O gabinete do CEO de Ayushman Bharat Haryana, em carta de 7 de janeiro, instruiu todos os hospitais incluídos no esquema que os beneficiários internados na HDU e na UTI, com ou sem suporte de ventilador, fossem mantidos sob vigilância contínua por câmeras CCTV ao vivo e o hyperlink de transmissão ao vivo fosse compartilhado com a Agência Estadual de Saúde. As câmeras serão posicionadas de forma a garantir a dignidade e a privacidade dos pacientes, mas permitir a verificação de sua presença, afirma a carta.

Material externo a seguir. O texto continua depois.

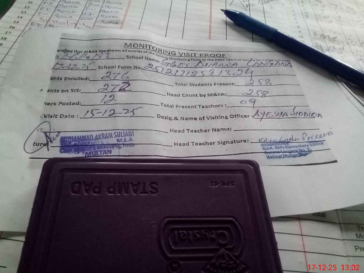 | District: MULTAN | Tehsil: MULTAN CITY | Markaz: GULGASHT COLONY- FEMALE | Level: Middle | |
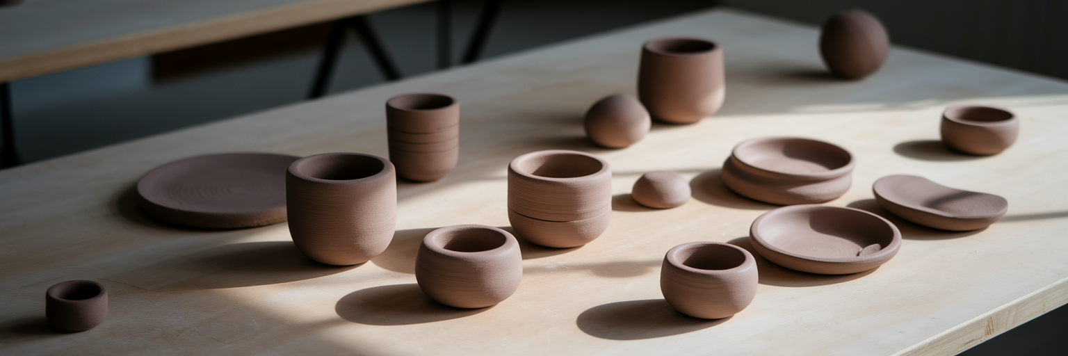 Organized pottery pieces on a wooden table.
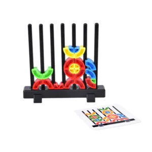 Szivárványos, fa alapra építhető geometriai puzzle, amely 72 színes blokkot és 30 mintakártyát tartalmaz. A gyermekek a pálcikákra csúsztatva alkothatnak egyszerű formáktól a bonyolult képekig, miközben észrevétlenül tanulnak.
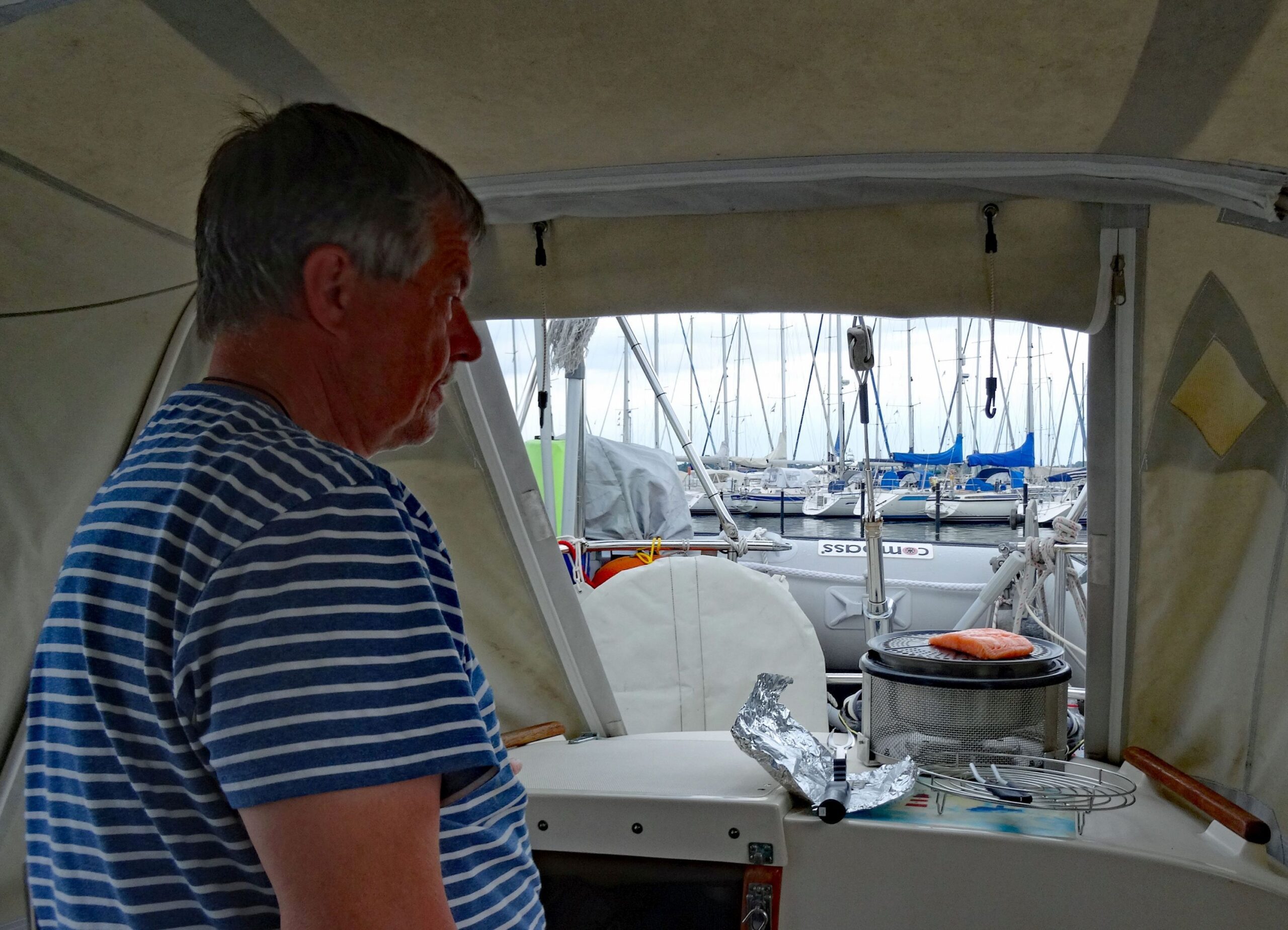 Abends wollen wir Lachs grillen, der Cob muss doch wenigstens einmal in diesem Jahr genutzt werden. Hier ist auf dem Hafengelände auch eine schöne große überdachte Grillstätte.
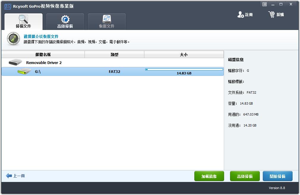 選擇磁盤列表中的GoPro SD卡驅動器,單擊"開始掃描"按鈕進行處理。

As orientações visavam fortalecer a transparência, a responsabilização e o monitoramento eficaz na implementação do Ayusham Bharat-Pradhan Mantri Jan Arogya Yojana, dizia a carta.

Classificando as orientações como “muito impraticáveis”, o IMA, na contra-carta, argumentou que também haveria outros pacientes além dos beneficiários do esquema nestas áreas e que havia uma grande probabilidade de utilização indevida deste alimento.

“Em uma petição (civil) nº 635/2021, o Supremo Tribunal também decidiu contra a instalação obrigatória de CFTV nos hospitais. Como é justificável que a privacidade de um paciente em tratamento sob Ayushman Bharat seja comprometida porque ele ou ela é pobre e utiliza esses serviços?”, disse o IMA, acrescentando que já existia um processo estabelecido de verificação de casos admitidos com um procedimento operacional padrão adequado.